I’m honoured to be invited to be an active part of the Legs Matter coalition as a Patient Partner. I’m passionate about education and have a keen interest in health literacies & patient empowerment. I work in Higher Education and have recently joined the Patient Participation Group at my local Medical Practice as I want to make a difference and take action to improve things for patients.
I feel like I’m constantly having to tell my story and translate what I have experienced over a 20+ year period to health practitioners, managers and friends and family. Can you relate to this constant re-telling?
I have experienced leg issues since my 20’s, with swelling (what I now know is oedema) and issues with my circulation including varicose veins and, now in my 40’s, chronic venous insufficiency, secondary lymphovenous insufficiency along with venous eczema and dyshidrotic eczema on my feet. I have had two surgical interventions including stripping and radio frequency ablation on both legs and, as of last year, am a life-long friend of compression stockings!

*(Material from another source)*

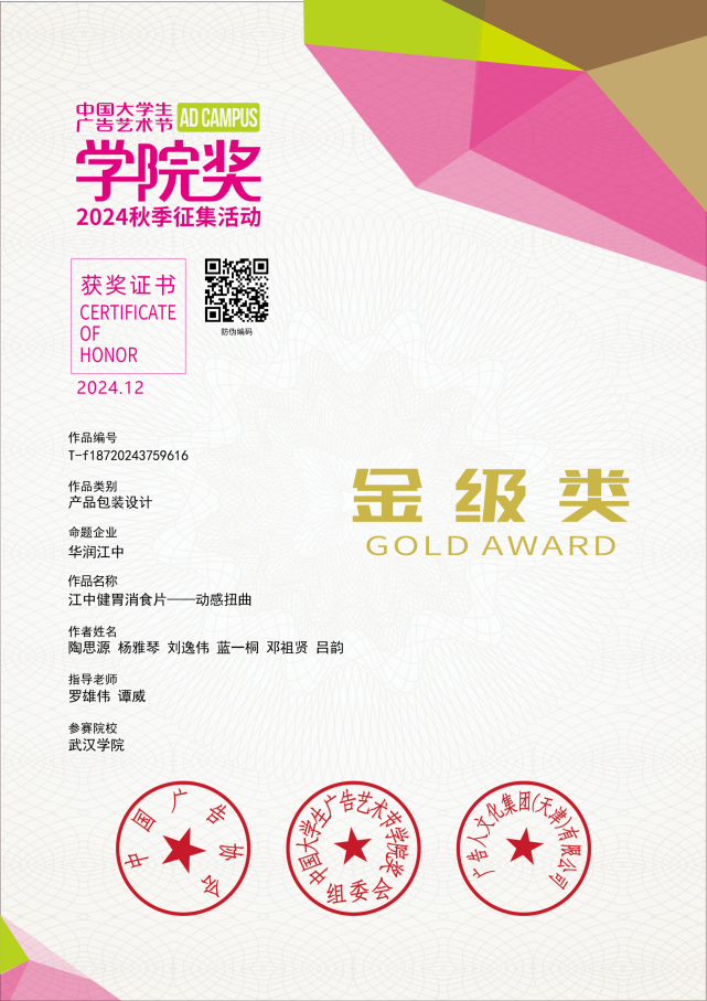 本次赛事,由陶思源、杨雅琴、刘逸伟、蓝一桐、邓祖贤、吕韵等来自网络与新媒体、新闻学、数字媒体艺术等专业学生组成的跨专业小组,获得华润江中企业命题产品包装设计类别全国金级类奖项,这是beat365官网师生参与学院奖赛事以来获得的最高奖项。

I identify as disabled under the Equality Act as my venous disease does have a substantial and long-term adverse effect on my ability to carry out normal day-to-day activities. It’s taken a lot of confidence to navigate the healthcare system, and I still don’t think I’m there, but was recently referred to a local Lymphoedema Specialist Service and am now receiving treatment. I am very grateful to the practitioners in this Specialist Service as, for the first time in a very long time, I feel listened to and understood and this is how all patients should feel when communicating with their healthcare practitioner.
Being part of Legs Matter
Like too many others, it’s fair to say that my journey hasn’t been easy, and I have very much had to advocate for myself and do the research so that I can ask for the right help. I’m aware of my privilege as someone with the digital and research skills needed to navigate information relating to my disease, but I know many patients don’t have access to the right information or even know where to start and I want to see more social justice in the system.
I feel motivated to increase awareness and understanding of lower leg and foot conditions beyond my local community, and I hope that sharing my perspective as someone with lived experience, will allow me to stand up for legs and amplify the voices of other patients who’s lives have been negatively impacted by lower leg and foot conditions. The Legs Matter manifesto very much connects to my personal values and I can’t wait to meet the rest of the group!